For most, “foreign exchange” conjures up thoughts of summer holidays, travellers’ cheques and working out if an ice-cream costs more at home. However, a growing number of us have discovered that currency can also be a way to make sure of a whole lot more than the occasional knicker bocker glory.
Currency trading has become big business for retail investment platforms and this trend shows little sign of abating. Just last month, a net £14 billion flowed into the 58 Europe-listed exchange-traded currency funds measured in a universe monitored by data monitor Morningstar.
Paul Dimambro, head of Hargreaves Lansdown Currency Service, says: “There are a variety of different ways for retail investors to trade currencies, including contracts for difference, spreadbetting and exchange traded funds (ETFs).
“There has been a large increase over the past decade as investor needs have become more sophisticated and currencies have dominated the financial headlines. Currency pairs which have been of particular interest to UK private investors include sterling versus the euro and US dollar, and the euro versus the US dollar. The Australian dollar, yen and Swiss franc have become increasingly popular to trade over the past few years.”
Investor needs have become more sophisticated and currencies have dominated the financial headlines
As far as currency is concerned, it seems ETFs are no longer the main story. “There has been limited activity in the currency ETF space owing to lack of exposure, awareness and understanding of the products,” Mr Dimambro explains.
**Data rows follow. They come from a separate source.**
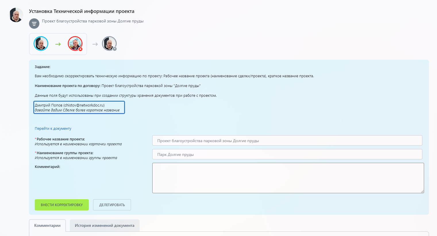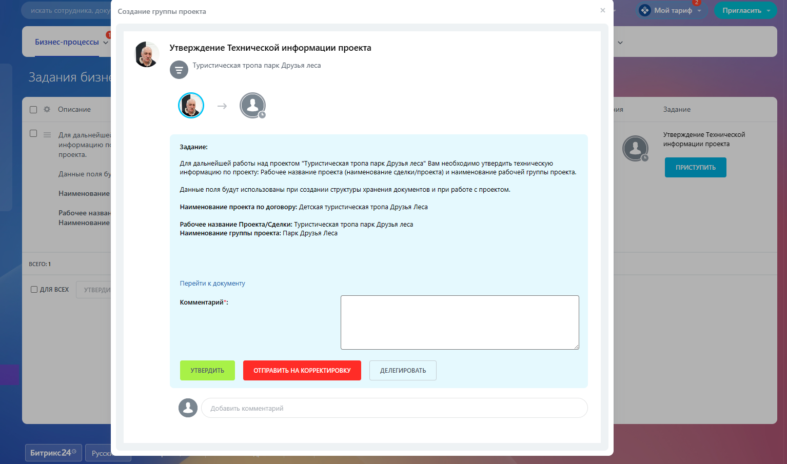- Комментарий – Внутренний комментарий к проекту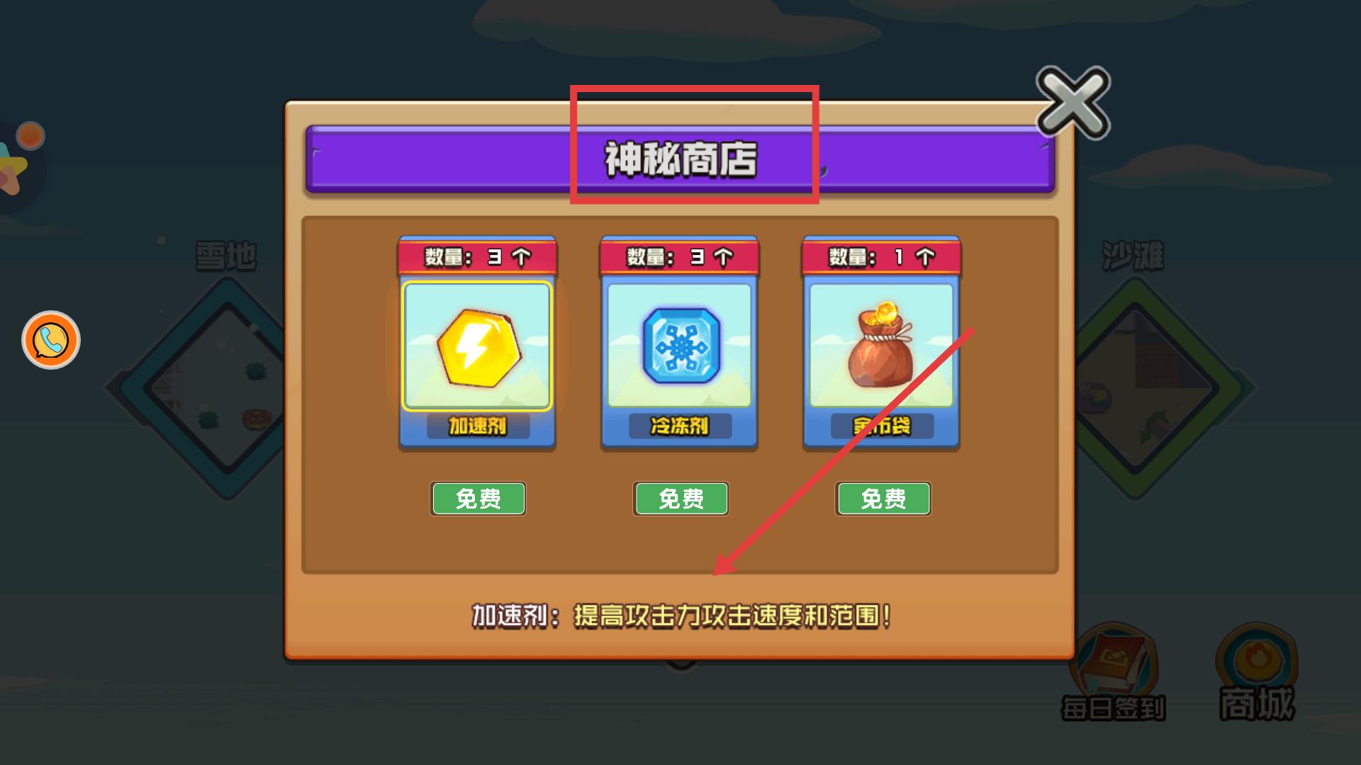 3、領取簽到獎勵后可能會進入神秘商店頁面,看到加速劑、冷凍劑、金幣袋等道具,可根據需求選擇免費領取的道具。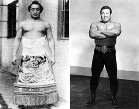 [ 左・大相撲力士時代の力道山、右・プロレスラーとして絶頂期の力道山 ]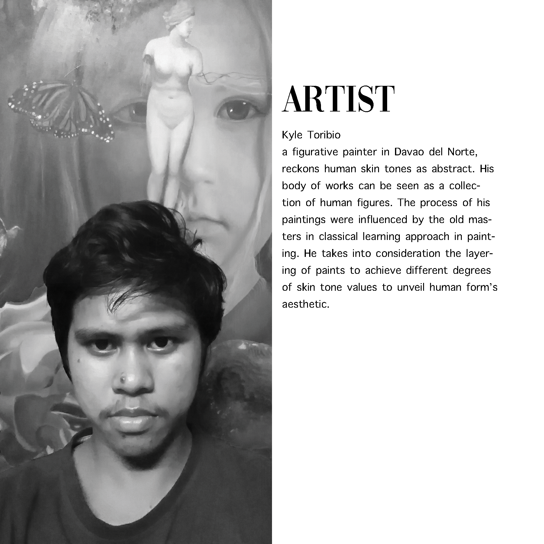 Kyle Toribio a self-taught figurative painter in Davao del Norte, reckons human skin tones as abstract. His body of works can be seen as a collection of human figures. The process of his paintings were influenced by the old masters in classical learning approach in painting. He takes into consideration the layering of paints to achieve different degrees of skin tone values to unveil human form's aesthetic.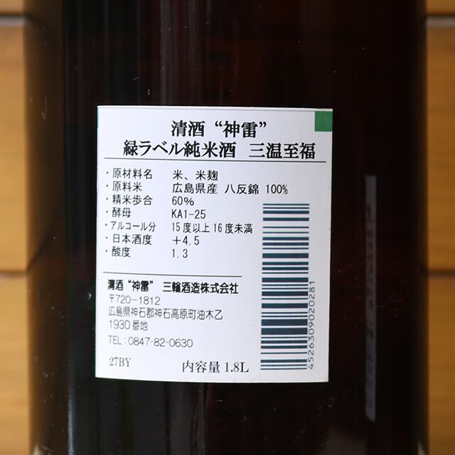 神雷(しんらい) 緑ラベル 三温至福 純米 1800ml 【広島】

Investors have been taking a bet that one country’s economic prowess is better than the other in its simplest form. Spreadbetting – or taking a view on the difference between the cost of buying each currency – has found favour with the mainstream investor. Hargreaves Lansdown has seen between a 40-50 per cent pick up in its foreign exchange service in the past 12 to 18 months.
David Jones, chief market strategist at IG Index, says: “Clients have seen currency as a hot market over the past couple of years because of higher than normal volatility.”
Mr Jones says, although it would not be unusual for an investor to take a 12-month position on euro/dollar movement, the trend had become to access more exotic pairs. “This is a simpler way of trading particularly as these markets are so liquid. This also means that the costs are relatively small,” he says.
So, if the low fees and liquidity are already available on the pair you want, why bother betting on a basket of currencies that you don’t need. This could be the explanation for why ETFs as currency tools have not enjoyed the same success as some other vehicles.
But can retail investors really beat the market? High up in the shiny towers of London’s Canary Wharf are the high rollers whose daily positions would make several eurozone nations green with envy, and it is unlikely their strategies
and knowledge can be beaten.
But that is not necessarily important, according to Hargreaves Lansdown’s Mr Dimambro: “Their attitude to risk is different; retail investors usually look for longer-term trends rather than making millions in one day.”
But don’t be fooled, the gap is closing. Most forex platforms now offer real-time news and prices so even without access to a trading floor and pages of in-house economist studies, investors are able to take an informed view on market movements.